Выражение лица Джеймса не изменилось, но он испустил долгий, тяжелый вздох.
– Ты ошибаешься, не все ненавидят его, – наконец заговорил он. – Но Мэтью и Томас его очень не любят. Когда мы учились в школе, Алистер был к нам… относился к нам… плохо. Думаю, тебе об этом известно. Также он распространял гадкие слухи насчет Гидеона и Шарлотты. Не он придумал эту мерзость, но он это повторял. Отвратительные слухи причинили сильную боль и Мэтью, и Томасу, поэтому они не собираются прощать твоего брата.
– О, – тихо произнесла Корделия. – Но Алистер… он ведь извинился перед ними? За это, и за все… за все, что было в Академии?
«Как же так, Алистер».
– Справедливости ради скажу, что Мэтью и Томас не дали ему такой возможности, – ответил Джеймс. – Он был не единственным, кто издевался надо мной, над нами, но… сначала мы считали, что он… другой, и поэтому, я думаю, разочарование было сильнее. Прости, Маргаритка. Мне хотелось бы, чтобы ответ на твой вопрос был не таким… грустным.
– А я рада, что ты сказал мне правду. Алистер… он всегда был самому себе злейшим врагом, он уже много лет твердо намерен разрушить свою жизнь.
– Его жизнь не разрушена, – возразил Джеймс. – Знаешь, я верю в прощение. В милосердие. В то, что даже самые дурные поступки можно искупить. – Он поднялся. – Я провожу тебя наверх. Мне кажется, ты устала не меньше, чем я.

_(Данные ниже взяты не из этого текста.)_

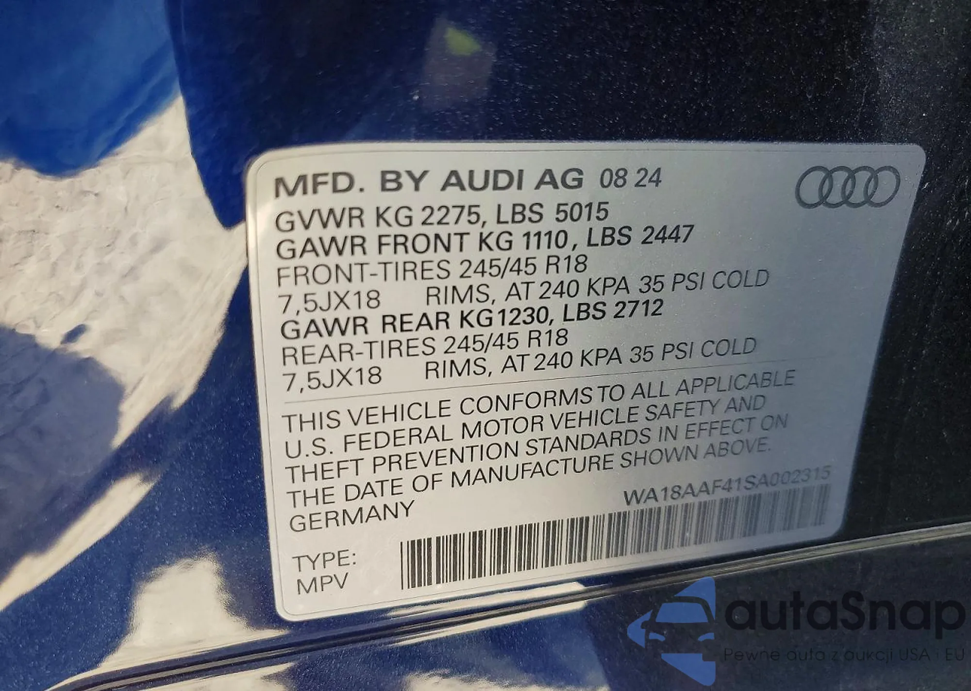 • VIN WA18AAF41SA002315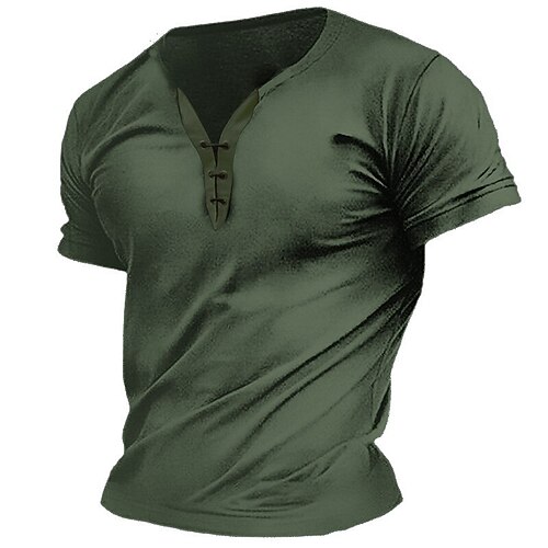 Per uomo Maglietta Manica Corta Scollo a V Primavera Estate Semplice Moda Designer Essenziale Allacciato Vacanza Streetwear Uscire Esercito verde Grigio scuro Nero Maglietta Top per Uomo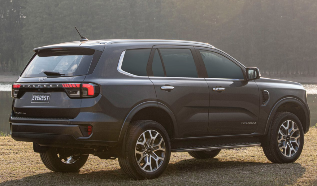 Bước ra phía sau, đuôi xe đã được thiết kế hoàn toàn mới bản cũ với cụm đèn hậu LED 2 bên được nối liền với nhau bằng thanh ngang to bản in dập nổi tên xe “EVEREST”. Bộ phận cản sau cũng được thiết kế tương tự như cản trước, trong khi đó đèn phụ được hạ thấp và nằm sâu bên trong hốc đèn.

Наверх. Вот оно. Корделия снова почувствовала прежнее смятение и растерянность, поднимаясь за Джеймсом по лестнице – предположительно, в их спальню. В комнату, которая принадлежала только ей и Джеймсу, куда не могли заглянуть посторонние, куда не полагалось входить никому из гостей. Там между ними неизбежно должна была возникнуть близость, при мысли о которой ей становилось не по себе.

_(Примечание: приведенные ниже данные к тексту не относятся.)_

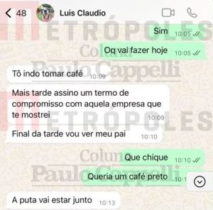 De acordo com o print, Luiz Cláudio conversava com a sua mulher,  e em certo ponto do papo, chegam a citar a primeira dama, Rosângela Lula da Silva, mais conhecida como janja, a Madrasta, demonstrando não gostar da presença dela.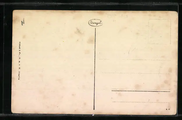 Personenbezogene Daten auf der Rückseite der Karte wurden durch blauen Textmarker unkenntlich gemacht. Die blauen Stellen sind auf die Vorderseite durchgeweicht und wirken sich negativ auf das Postkartenfoto aus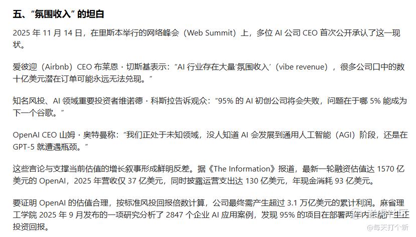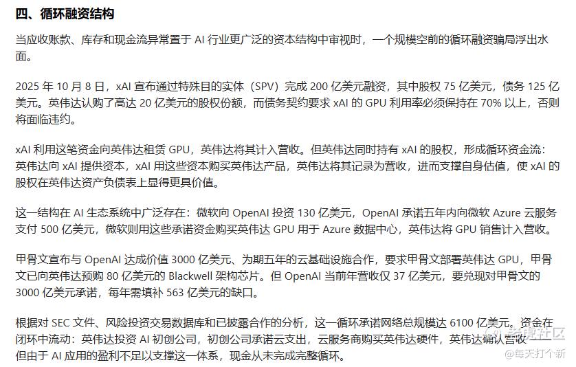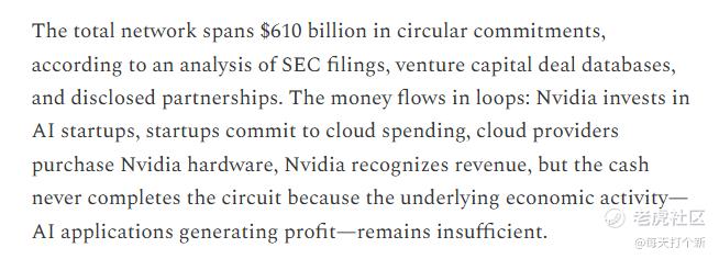 令人费解的是,本段最后一小段又说由于AI应用不及预期,盈利不足以支撑这一体系,现金从未完整循环。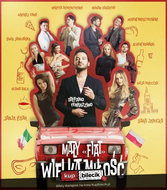 "Mały Fiat Wielka Miłość" to pełne pasji, radości, ale i zawirowań widowisko taneczno-wokalne, które zabierze widzów w podróż do serca neapolitańskiej rodziny żyjącej w Polsce. W lekkiej, pełnej humoru formie historia o miłości, tradycji i rodzinnych więziach zostaje opowiedziana przez taniec oraz śpiew na żywo, które niosą ją z niezwykłą energią. W programie usłyszymy włoskie utwory, takie jak "Piccola e Fragile", "Tu Vo Fa L"Americano", "L"Italiano", a także piosenki w języku polskim, które dodadzą wyjątkowego charakteru temu spektaklowi.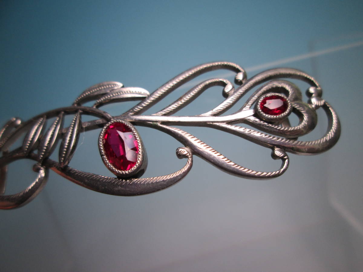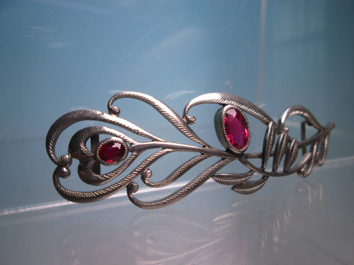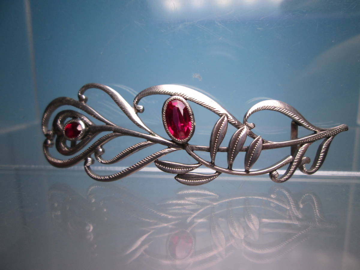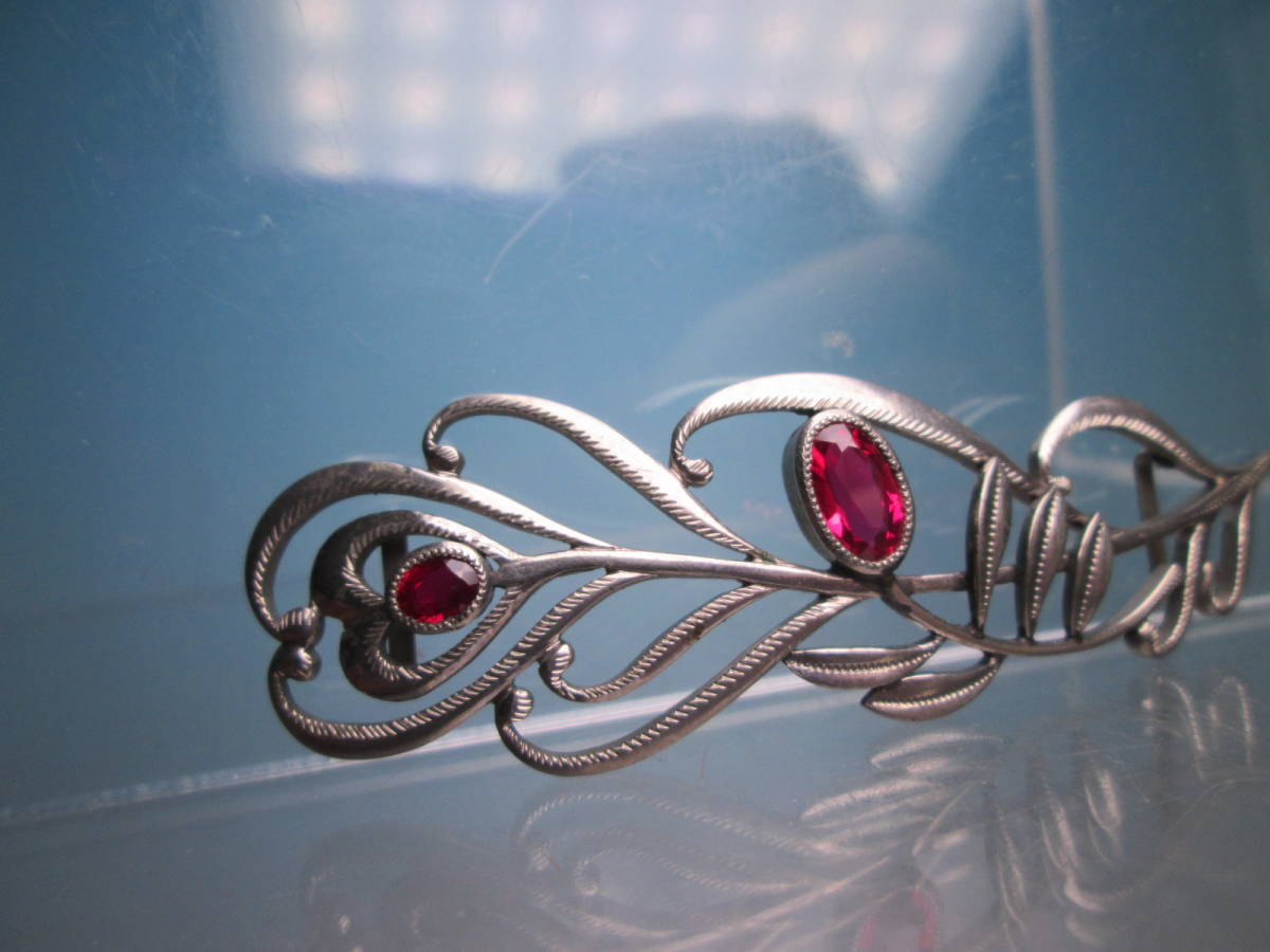 【江月】アンティーク・彫金細工 大振り 7cm 赤硝子花と孔雀の帯留め 7,9g

На втором этаже горел свет. Короткий коридор был ярко освещен настенными светильниками. Джеймс открыл первую дверь и жестом пригласил Корделию войти.
Стены в спальне были выкрашены в голубой цвет, окно выходило в крошечный сад. Корделия заметила заснеженные ветви и серп луны, а потом Джеймс повернул выключатель. Две лампы загорелись по сторонам великолепной кровати с четырьмя столбами, застеленной вышитым покрывалом. Определенно, на этой кровати хватало места для двоих.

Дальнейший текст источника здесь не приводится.